The answer must consist solely of the lines below starting at the one containing "then on the" and ending at the one containing "Sleek and versatile, the", repeated exactly, with both ends included and all pictures omitted.

Dataset extract
BEGIN
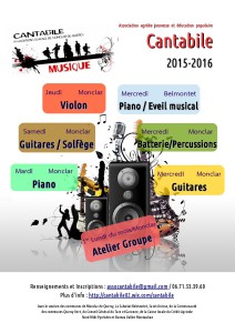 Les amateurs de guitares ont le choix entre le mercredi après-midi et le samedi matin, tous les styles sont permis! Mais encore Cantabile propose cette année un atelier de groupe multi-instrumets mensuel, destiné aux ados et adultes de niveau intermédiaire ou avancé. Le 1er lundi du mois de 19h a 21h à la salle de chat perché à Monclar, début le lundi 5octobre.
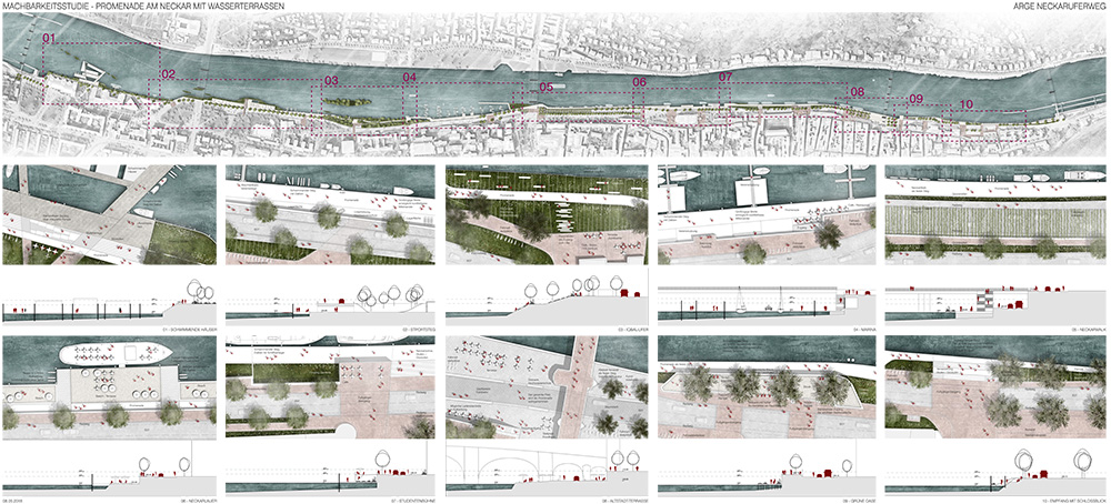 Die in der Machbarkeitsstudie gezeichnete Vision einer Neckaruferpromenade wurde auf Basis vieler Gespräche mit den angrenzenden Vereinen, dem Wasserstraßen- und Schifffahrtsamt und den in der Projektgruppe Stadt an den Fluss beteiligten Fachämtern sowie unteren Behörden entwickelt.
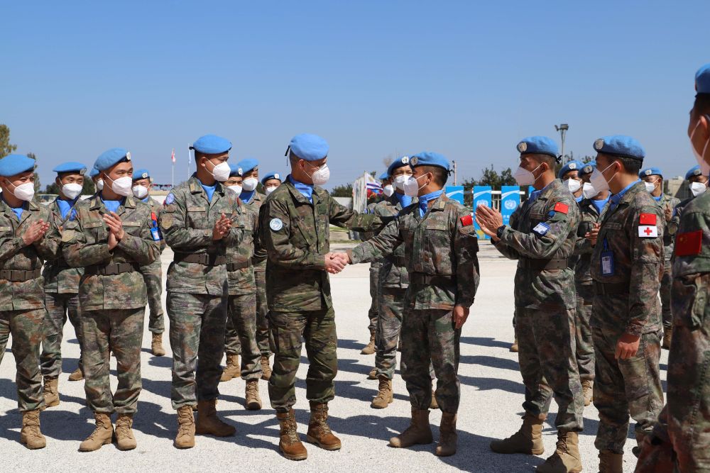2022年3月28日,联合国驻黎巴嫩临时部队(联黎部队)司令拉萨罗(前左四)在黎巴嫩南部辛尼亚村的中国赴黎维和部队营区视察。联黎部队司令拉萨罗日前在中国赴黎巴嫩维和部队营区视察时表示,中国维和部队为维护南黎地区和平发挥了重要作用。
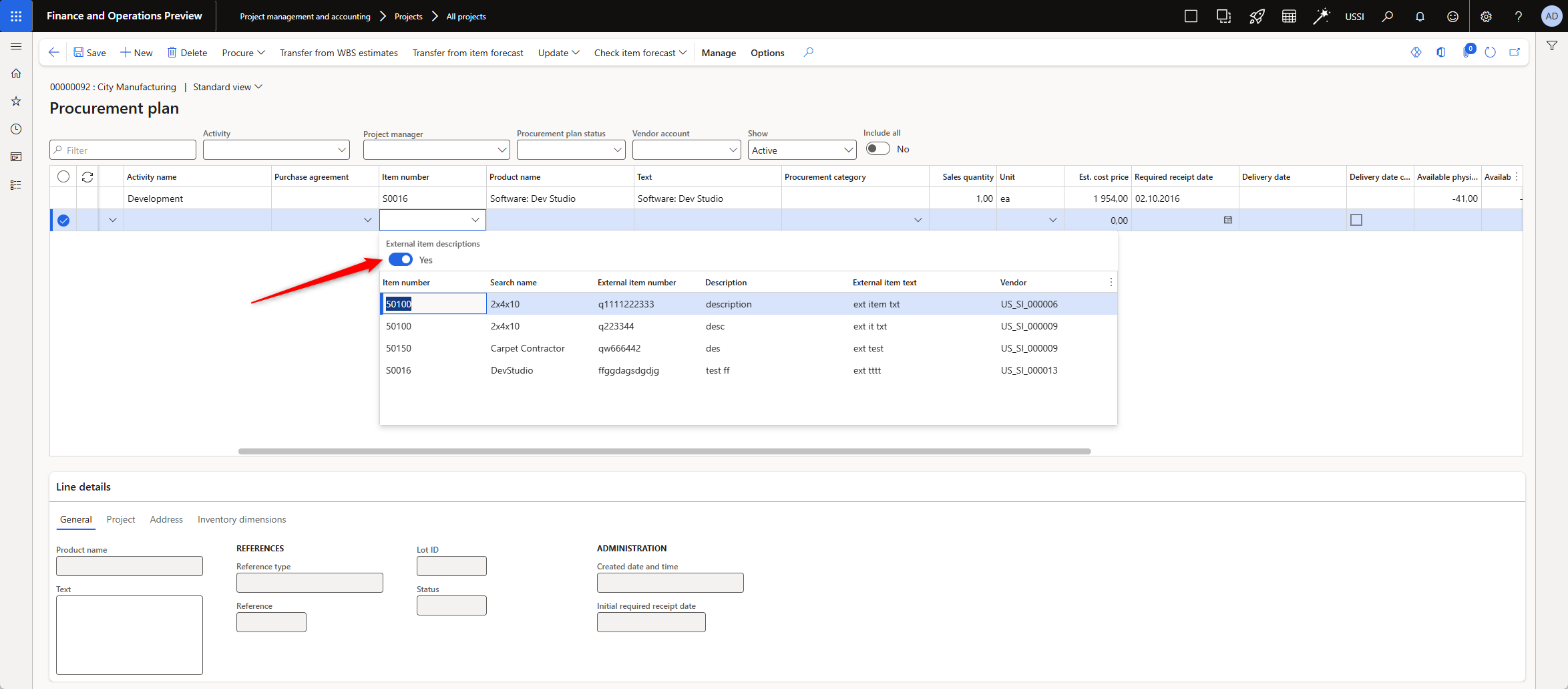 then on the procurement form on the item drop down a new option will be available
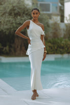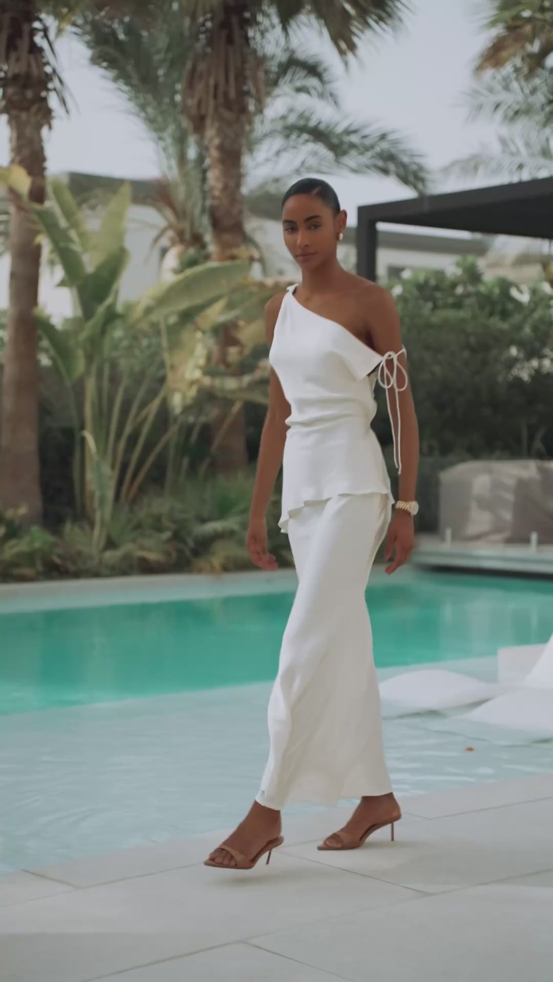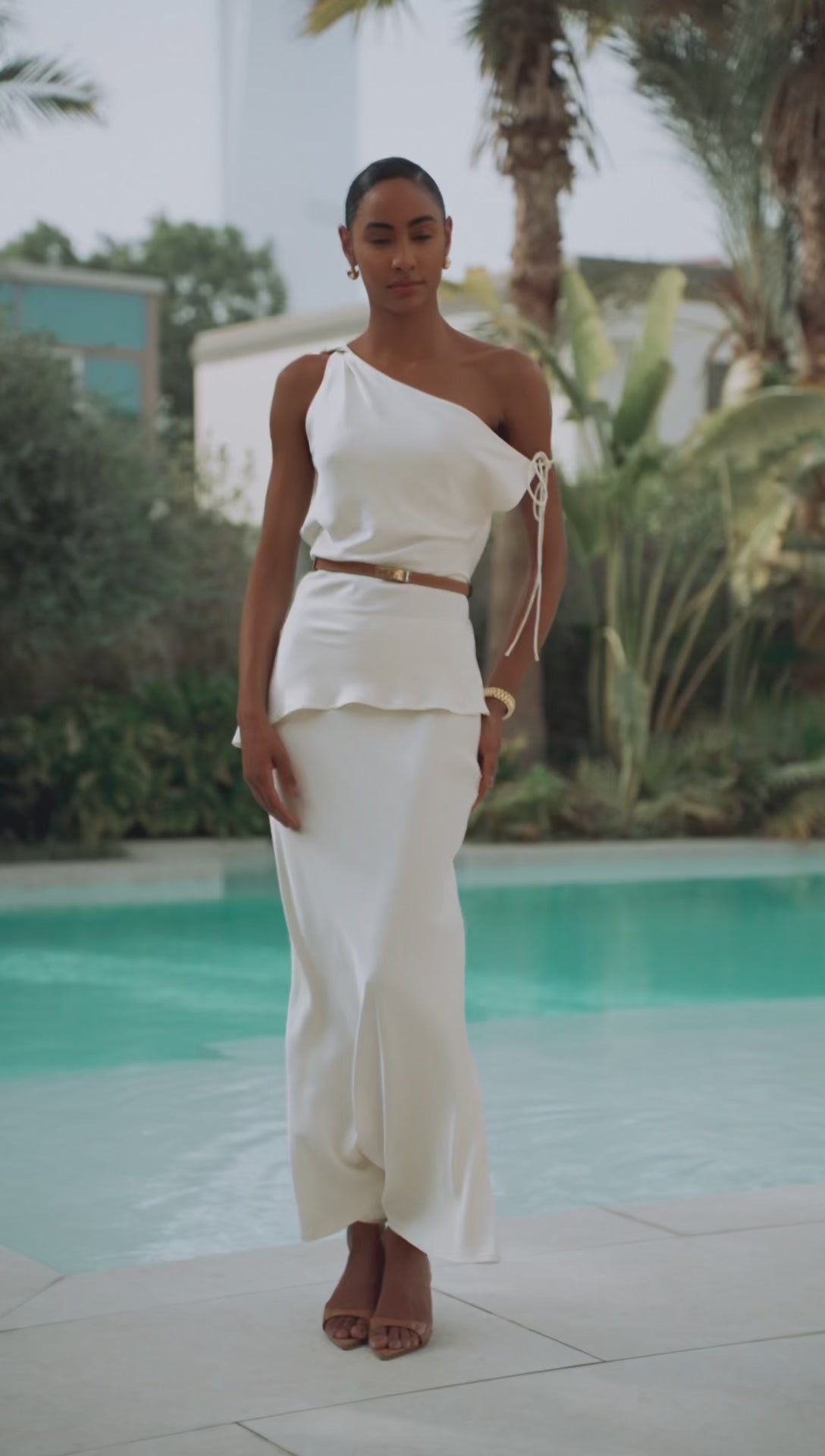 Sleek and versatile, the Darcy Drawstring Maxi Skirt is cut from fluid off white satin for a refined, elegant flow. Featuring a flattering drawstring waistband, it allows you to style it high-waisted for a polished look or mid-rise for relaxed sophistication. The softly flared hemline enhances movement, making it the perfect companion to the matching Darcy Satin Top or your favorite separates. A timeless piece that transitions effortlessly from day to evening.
END
BEGIN
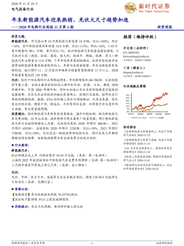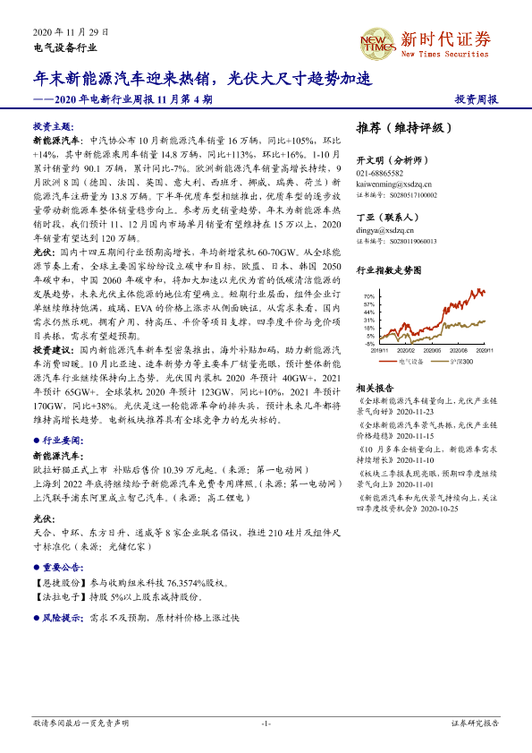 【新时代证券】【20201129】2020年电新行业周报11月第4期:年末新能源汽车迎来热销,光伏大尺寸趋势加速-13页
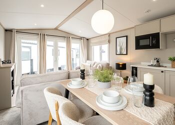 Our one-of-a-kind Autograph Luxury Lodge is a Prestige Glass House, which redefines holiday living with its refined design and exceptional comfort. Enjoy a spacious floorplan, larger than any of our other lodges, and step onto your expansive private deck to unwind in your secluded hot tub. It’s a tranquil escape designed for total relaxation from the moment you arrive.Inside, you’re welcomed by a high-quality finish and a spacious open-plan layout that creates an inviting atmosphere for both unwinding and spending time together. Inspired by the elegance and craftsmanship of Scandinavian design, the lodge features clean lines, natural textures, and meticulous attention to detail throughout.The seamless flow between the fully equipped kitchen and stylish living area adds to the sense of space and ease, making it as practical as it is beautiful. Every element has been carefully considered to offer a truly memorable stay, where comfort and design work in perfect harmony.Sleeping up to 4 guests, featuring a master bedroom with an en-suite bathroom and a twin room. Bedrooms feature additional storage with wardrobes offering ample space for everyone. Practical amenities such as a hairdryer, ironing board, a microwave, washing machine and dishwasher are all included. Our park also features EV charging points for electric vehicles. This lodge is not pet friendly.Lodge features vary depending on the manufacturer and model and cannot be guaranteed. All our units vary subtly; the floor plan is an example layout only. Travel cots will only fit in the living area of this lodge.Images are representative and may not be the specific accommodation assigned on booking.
END
Result
 then on the procurement form on the item drop down a new option will be available
 Sleek and versatile, the Darcy Drawstring Maxi Skirt is cut from fluid off white satin for a refined, elegant flow. Featuring a flattering drawstring waistband, it allows you to style it high-waisted for a polished look or mid-rise for relaxed sophistication. The softly flared hemline enhances movement, making it the perfect companion to the matching Darcy Satin Top or your favorite separates. A timeless piece that transitions effortlessly from day to evening.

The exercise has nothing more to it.